- Exercise
From the line containing "Love this color!" down to the line containing "本期国际站发布类目调整覆盖4个行业,分别是运动及娱乐(Sports & Entertainment)、消费电子(Consumer" in the records below, reproduce every line exactly, ends included, and omit all others.

- Task data
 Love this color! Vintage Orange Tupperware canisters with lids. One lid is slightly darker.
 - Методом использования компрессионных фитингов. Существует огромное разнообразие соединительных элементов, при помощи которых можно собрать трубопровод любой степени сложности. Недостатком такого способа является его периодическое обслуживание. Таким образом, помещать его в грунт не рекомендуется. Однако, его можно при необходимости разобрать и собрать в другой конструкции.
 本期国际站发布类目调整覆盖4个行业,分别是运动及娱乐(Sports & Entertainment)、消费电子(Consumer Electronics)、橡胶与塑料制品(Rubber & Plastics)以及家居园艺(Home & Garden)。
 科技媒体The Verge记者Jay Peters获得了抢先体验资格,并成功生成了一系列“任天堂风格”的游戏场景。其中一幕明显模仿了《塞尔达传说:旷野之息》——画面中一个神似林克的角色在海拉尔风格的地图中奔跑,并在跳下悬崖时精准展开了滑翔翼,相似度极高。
...
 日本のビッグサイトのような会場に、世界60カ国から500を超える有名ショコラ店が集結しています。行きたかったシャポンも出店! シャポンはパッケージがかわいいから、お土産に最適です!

- Response
 Love this color! Vintage Orange Tupperware canisters with lids. One lid is slightly darker.
 - Методом использования компрессионных фитингов. Существует огромное разнообразие соединительных элементов, при помощи которых можно собрать трубопровод любой степени сложности. Недостатком такого способа является его периодическое обслуживание. Таким образом, помещать его в грунт не рекомендуется. Однако, его можно при необходимости разобрать и собрать в другой конструкции.
 本期国际站发布类目调整覆盖4个行业,分别是运动及娱乐(Sports & Entertainment)、消费电子(Consumer Electronics)、橡胶与塑料制品(Rubber & Plastics)以及家居园艺(Home & Garden)。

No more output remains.